Professor Marta Mirazon Lahr, also from the Department of Archaeology, was awarded funding for her NGIPALAJEM project, which will bring a new understanding of how the evolution of our species is part of a broader and longer African evolutionary landscape.

“My research is in human evolution, a field that advances through technical breakthroughs, new ideas, and critically, new fossils,” said Lahr. “A big part of my work is to find new hominin fossils in Africa, which requires not only supportive local communities and institutions, but long-term planning and implementation, a dedicated team, significant funds and the time to excavate, study, compare and interpret new discoveries. This new grant from the ERC gives me all this and more – and I just can’t wait to get started!”

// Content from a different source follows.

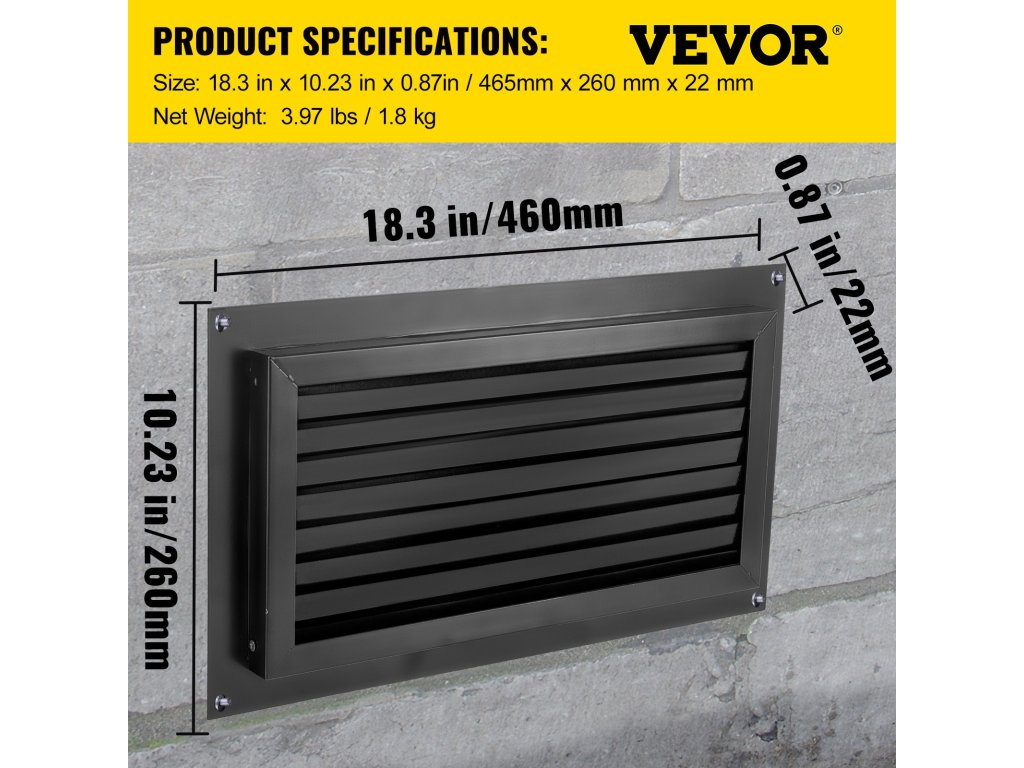 Záplavový ventilátor VEVOR, ktorý je ideálny pre projekty na zlepšenie bývania a ochranu majetku, poskytuje funkčnosť aj štýl. Vďaka vysokokvalitným materiálom a spoľahlivému dizajnu je nevyhnutným doplnkom každého projektu rekonštrukcie alebo výstavby. Či už ide o zabezpečenie novostavby alebo modernizáciu existujúcich priestorov, tento vetrací otvor zaručuje vynikajúcu ochranu a zároveň zvyšuje celkovú hodnotu vašej nehnuteľnosti. Je to spoľahlivá a všestranná voľba, ktorá je nevyhnutná na zachovanie bezpečnosti a integrity vášho domu.

Professor Richard Samworth’s RobustStats project will develop robust statistical methodology and theory for large-scale data. “Large-scale data are usually messy: they may be collected under different conditions, and data may be missing or corrupted, which makes it difficult to draw reliable conclusions,” said Samworth, from the Department of Pure Mathematics and Mathematical Statistics. “This grant will allow me to focus my time on developing robust statistical methodology and theory to address these challenges. Equally importantly, I will be able to build a group of PhD students and post-docs that will dramatically increase the scale and scope of what we are able to achieve.

Professor Zoran Hadzibabic from the Cavendish Laboratory was awarded funding for his UNIFLAT project. One of the great successes of the last-century physics was recognising that complex and seemingly disparate systems are fundamentally alike. This allowed the classification of the equilibrium states of matter into classes based on their basic properties. At the heart of this classification is the universal collective behaviour, insensitive to the microscopic details, displayed by systems close to phase transitions.

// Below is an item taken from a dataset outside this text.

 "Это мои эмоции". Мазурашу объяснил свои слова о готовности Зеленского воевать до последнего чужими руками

A grand challenge for modern physics is to achieve such a feat for the far richer world of the nonequilibrium collective phenomena. “Our ambition is to make a leading contribution to this worldwide effort, through a series of coordinated experiments on homogeneous atomic gases in two-dimensional (2D) geometry,” said Hadzibabic. “Specifically, we will study in parallel three problems – the dynamics of the topological Berezinskii-Kosterlitz-Thouless phase transition, turbulence in driven systems, and the universal spatiotemporal scaling behaviour in isolated quantum systems far from equilibrium. Each of these topics is fascinating and of fundamental importance in its own right, but beyond that we will experimentally establish an emerging picture that connects them.”

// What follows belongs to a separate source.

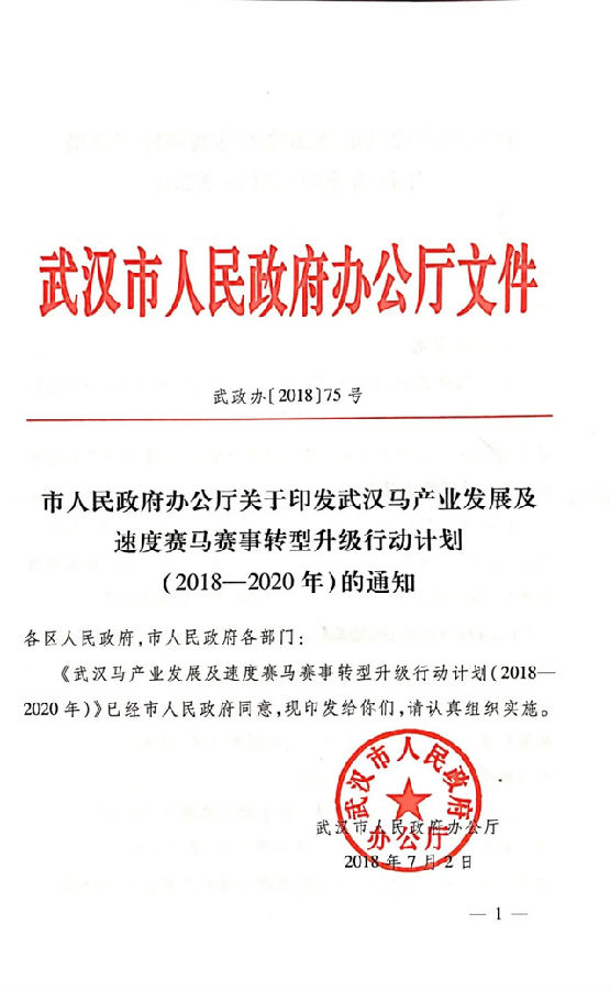建设赛马之都,武汉绝不是空喊口号。2018年,由时任武汉市委副书记、市人民政府常务副市长陈瑞峰担任组长的“武汉市发展马产业打造赛马之都工作领导小组”正式成立,其高规格、专业性极强的领导班子,在全国独树一帜,成为推动武汉赛马不断向前发展的决定性力量。武汉市人民政府办公厅在2018年也发布了《武汉马产业发展及速度赛马赛事转型升级2018—2020年行动计划》。2020年8月,武汉市教育局、武汉市体育局、武汉广播电视台(集团)联合印发武汉市“小小骑士进校园”马术公开课试点工作实施方案。2020年9月,《农业农村部办公厅、国家体育总局办公厅关于印发<全国马产业发展规划(2020-2025)>的通知》正式发布……一系列的政府引领性文件,毫无疑问让武汉的马产业发展进入了快车道。

Dr Helen Williams from the Department of Earth Sciences said: “By funding the EarthMelt project, the ERC has given me the amazing opportunity to study the early evolution of the Earth and its transition from a largely molten state to the habitable planet we know today. This funding will also help me to develop exciting new instrumentation and analytical techniques, and, most importantly, mentor and support the next generation of PhD students and postdoctoral researchers working in geochemistry.”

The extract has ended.